● **WHAT THIS TASK INVOLVES**:
Please output, without any change, the lines of the material below from the very first through the one with "Geri Hanson with".

● **SUPPLIED MATERIAL**:

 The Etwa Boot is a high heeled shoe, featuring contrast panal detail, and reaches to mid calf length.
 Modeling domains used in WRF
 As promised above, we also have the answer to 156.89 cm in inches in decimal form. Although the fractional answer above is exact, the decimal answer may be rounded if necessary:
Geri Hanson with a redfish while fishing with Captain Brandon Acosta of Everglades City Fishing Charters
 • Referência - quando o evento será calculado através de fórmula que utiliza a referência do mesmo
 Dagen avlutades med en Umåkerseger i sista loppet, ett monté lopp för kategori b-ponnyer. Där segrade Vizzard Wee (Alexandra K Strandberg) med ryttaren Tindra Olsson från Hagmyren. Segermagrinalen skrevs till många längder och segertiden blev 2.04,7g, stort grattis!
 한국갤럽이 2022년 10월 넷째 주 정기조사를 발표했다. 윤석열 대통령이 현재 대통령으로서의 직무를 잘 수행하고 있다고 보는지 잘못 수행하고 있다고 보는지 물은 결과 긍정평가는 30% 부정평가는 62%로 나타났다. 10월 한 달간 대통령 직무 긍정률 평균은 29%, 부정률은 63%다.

● **ANSWER TO THIS TASK**:
 The Etwa Boot is a high heeled shoe, featuring contrast panal detail, and reaches to mid calf length.
 Modeling domains used in WRF
 As promised above, we also have the answer to 156.89 cm in inches in decimal form. Although the fractional answer above is exact, the decimal answer may be rounded if necessary:
Geri Hanson with a redfish while fishing with Captain Brandon Acosta of Everglades City Fishing Charters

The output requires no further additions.